Metadata-Version: 2.3
Name: chemperium
Version: 0.0.1
Summary: Chemperium package
Project-URL: source, https://github.com/mrodobbe/chemperium
Project-URL: tracker, https://github.com/mrodobbe/chemperium/issues
Author-email: "Maarten R. Dobbelaere" <mrodobbe.dobbelaere@ugent.be>
License: MIT License
        
        Copyright (c) 2024 Maarten R. Dobbelaere
        
        Permission is hereby granted, free of charge, to any person obtaining a copy
        of this software and associated documentation files (the "Software"), to deal
        in the Software without restriction, including without limitation the rights
        to use, copy, modify, merge, publish, distribute, sublicense, and/or sell
        copies of the Software, and to permit persons to whom the Software is
        furnished to do so, subject to the following conditions:
        
        The above copyright notice and this permission notice shall be included in all
        copies or substantial portions of the Software.
        
        THE SOFTWARE IS PROVIDED "AS IS", WITHOUT WARRANTY OF ANY KIND, EXPRESS OR
        IMPLIED, INCLUDING BUT NOT LIMITED TO THE WARRANTIES OF MERCHANTABILITY,
        FITNESS FOR A PARTICULAR PURPOSE AND NONINFRINGEMENT. IN NO EVENT SHALL THE
        AUTHORS OR COPYRIGHT HOLDERS BE LIABLE FOR ANY CLAIM, DAMAGES OR OTHER
        LIABILITY, WHETHER IN AN ACTION OF CONTRACT, TORT OR OTHERWISE, ARISING FROM,
        OUT OF OR IN CONNECTION WITH THE SOFTWARE OR THE USE OR OTHER DEALINGS IN THE
        SOFTWARE.
License-File: LICENSE
Classifier: Development Status :: 3 - Alpha
Classifier: Intended Audience :: Developers
Classifier: License :: OSI Approved :: MIT License
Classifier: Operating System :: OS Independent
Classifier: Programming Language :: Python
Classifier: Programming Language :: Python :: 3
Classifier: Programming Language :: Python :: 3.8
Classifier: Programming Language :: Python :: 3.9
Classifier: Programming Language :: Python :: 3.10
Classifier: Programming Language :: Python :: 3.11
Classifier: Topic :: Software Development :: Build Tools
Requires-Python: >=3.8
Requires-Dist: keras<3.0
Requires-Dist: numpy
Requires-Dist: pandas
Requires-Dist: rdkit
Requires-Dist: scikit-learn
Requires-Dist: scipy
Requires-Dist: tensorflow<=2.15
Requires-Dist: tqdm
Provides-Extra: test
Requires-Dist: genbadge[coverage]; extra == 'test'
Requires-Dist: hypothesis; extra == 'test'
Requires-Dist: mypy; extra == 'test'
Requires-Dist: pytest; extra == 'test'
Requires-Dist: pytest-cov; extra == 'test'
Requires-Dist: tox; extra == 'test'
Description-Content-Type: text/markdown

![Coverage Status](coverage-badge.svg)
# Chemperium
*Portmanteau of the Latin words Chemia and Imperium: "a chemical empire"*. <br><br>
Chemperium is a deep learning toolkit that aims to conquer the chemical space of compounds and properties. 

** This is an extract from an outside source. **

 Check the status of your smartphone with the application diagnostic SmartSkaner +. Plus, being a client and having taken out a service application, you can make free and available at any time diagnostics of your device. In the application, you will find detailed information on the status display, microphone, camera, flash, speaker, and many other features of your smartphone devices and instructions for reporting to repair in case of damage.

The main focus of this tool is on the applicability and accuracy of trained models.
While many publications, tools, and datasets are out on molecular property prediction, 
we target both experts and non-experts in cheminformatics to make fast and accurate predictions. <br>
In this package, we provide a validated software tool and trained machine learning models 
to make reliable molecular property predictions with a minimum of code and time.

## Table of Contents
- [Installation](#1-installation)
- [Usage](#2-usage)
  * [Predicting Properties](#predicting-properties-with-chemperium)

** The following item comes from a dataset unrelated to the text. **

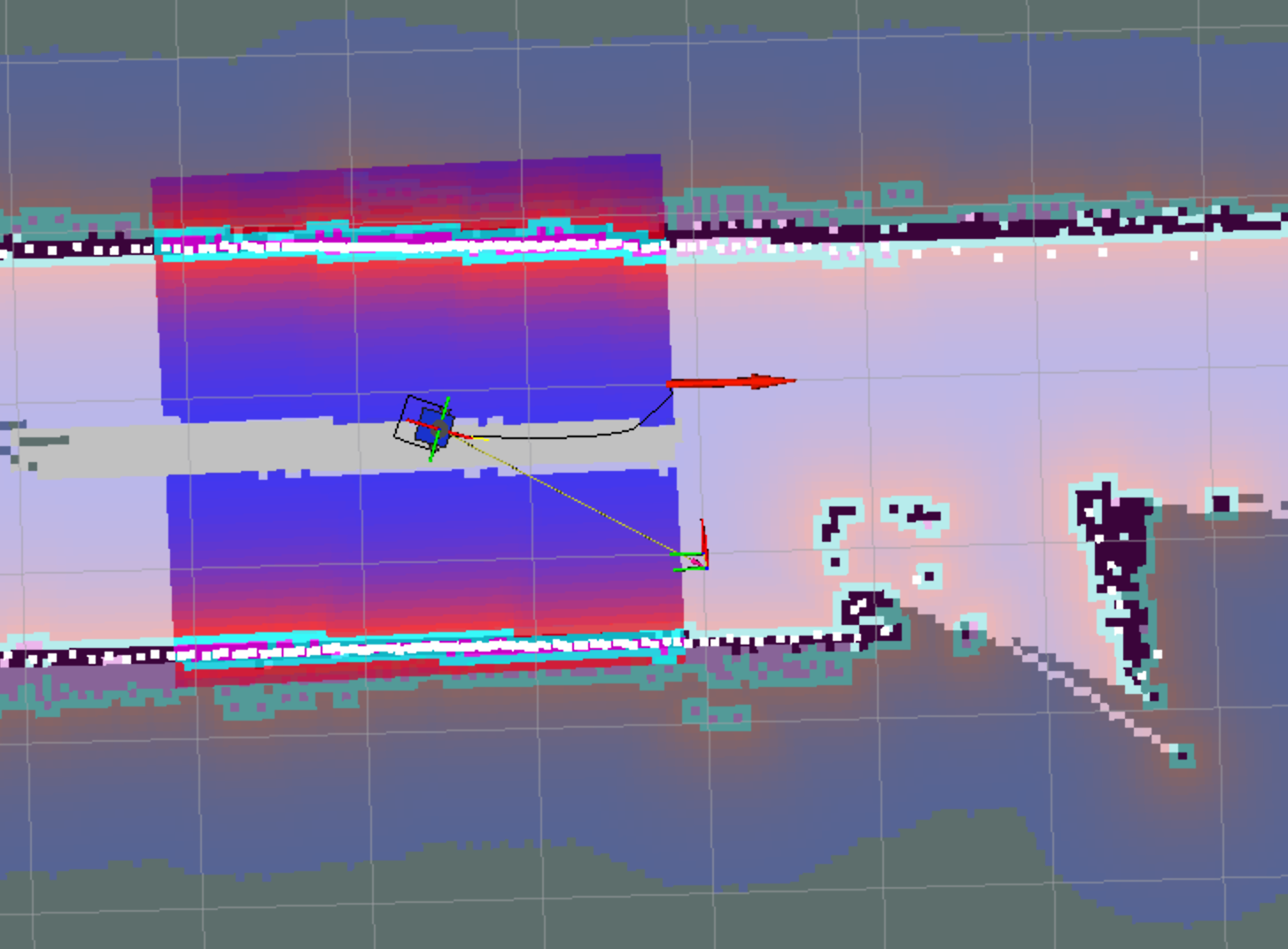 Мы увидим работу всего нашего стека навигации, серую глобальную карту "costmap" и видим большой прямоугольник с локальной costmap. Чем ближе отображенный цвет к красному, тем выше "стоимость", также виден путь прокладываемый планировщиком.

    + [Liquid-Phase Properties](#liquid-phase-properties)
    + [Thermochemistry](#thermochemistry)
  * [Training Models](#training-machine-learning-models)

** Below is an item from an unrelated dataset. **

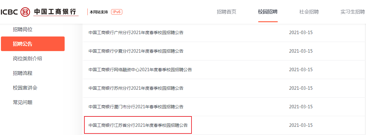 【點(diǎn)擊報(bào)名:中國工商銀行江蘇省分行2021年春季校園招聘報(bào)名入口】

  * [Testing Models](#testing-trained-machine-learning-models)
  * [Representation Learning](#creating-a-learned-representation)
- [Scripts](#3-scripts)
  * [Command-Line Training](#training-a-model-via-command-line)
  * [Command-Line Testing](#testing-a-model-via-command-line)
- [Tutorial](#4-tutorial)
- [Datasets](#5-datasets)
- [Reference](#6-reference)

## 1. Installation
Chemperium is built upon NumPy, Pandas, RDKit, TensorFlow, Keras, and Scikit-Learn. 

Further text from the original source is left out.